JEE Advance - Chemistry (2012 - Paper 1 Offline - No. 1)

The kinetic energy of an electron in the second Bohr orbit of a hydrogen atom is [$$\alpha_0$$ is Bohr radius]

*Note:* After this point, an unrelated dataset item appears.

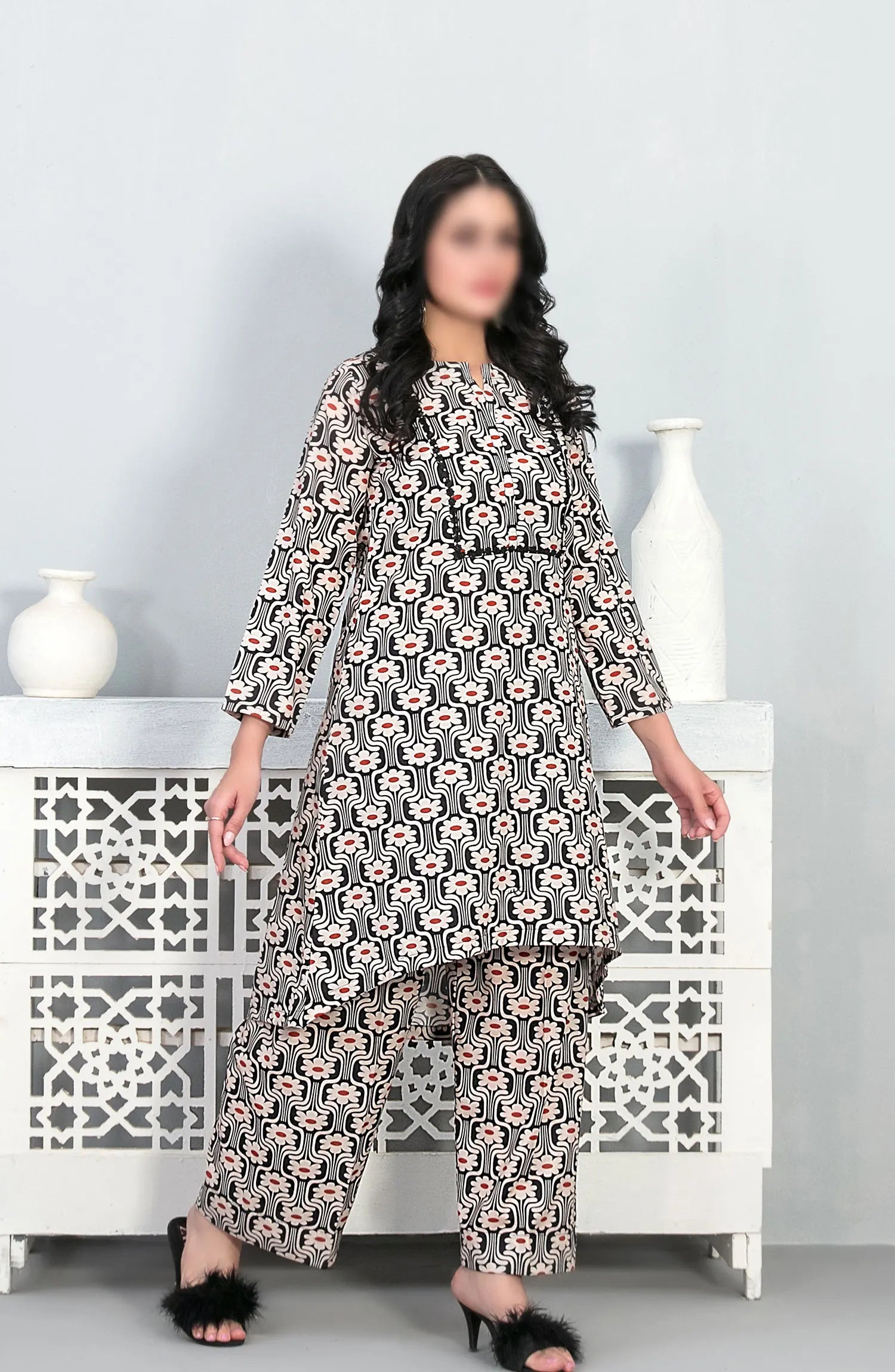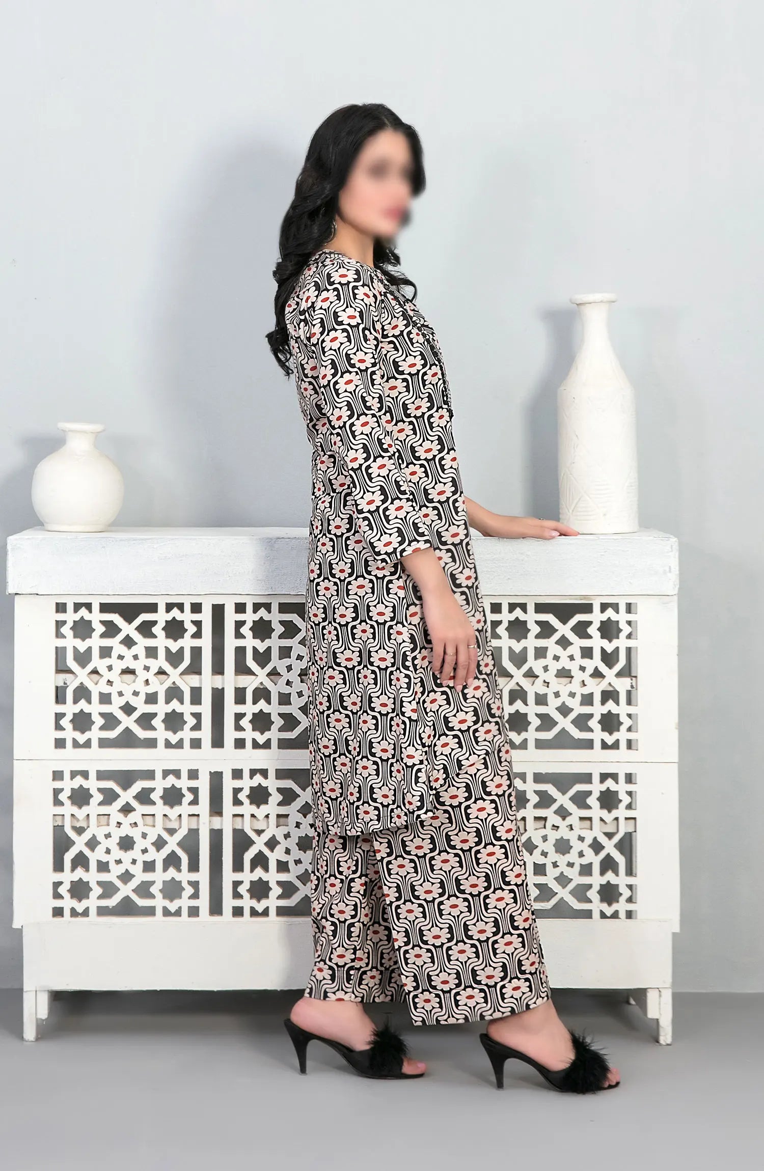 Perkha - Stitched Digital Printed Swiss 2pcs Collection 2024 has been styled in the image for photography and illustrative purposes.

$${h^2 \over {4{\pi ^2}m\alpha _0^2}}$$

$${h^2 \over {16{\pi ^2}m\alpha _0^2}}$$

$${h^2 \over {32{\pi ^2}m\alpha _0^2}}$$

$${h^2 \over {64{\pi ^2}m\alpha _0^2}}$$

For Bohr orbit, angular momentum is

$$mvr_n = \frac{nh}{2\pi}$$

Velocity, $$v = \frac{nh}{2\pi mr_n} \quad \text{... (i)}$$

Kinetic energy, $$K.E. = \frac{1}{2}mv^2 \quad \text{... (ii)}$$

By putting the value of $v$ from (i) into (ii),

$$K.E. = \frac{1}{2}m \times \frac{n^2h^2}{4\pi^2m^2r_n^2} = \frac{n^2h^2}{8\pi^2mr_n^2}$$

For second Bohr orbit, $n = 2$

$$r_n = a_0 \times n^2 \quad (a_0 = \text{Bohr radius})$$

$$r_n = 4a_0$$

$$K.E. = \frac{(2)^2h^2}{8\pi^2m(4a_0)^2}$$

Thus, $$K.E. = \frac{h^2}{32\pi^2ma_0^2}$$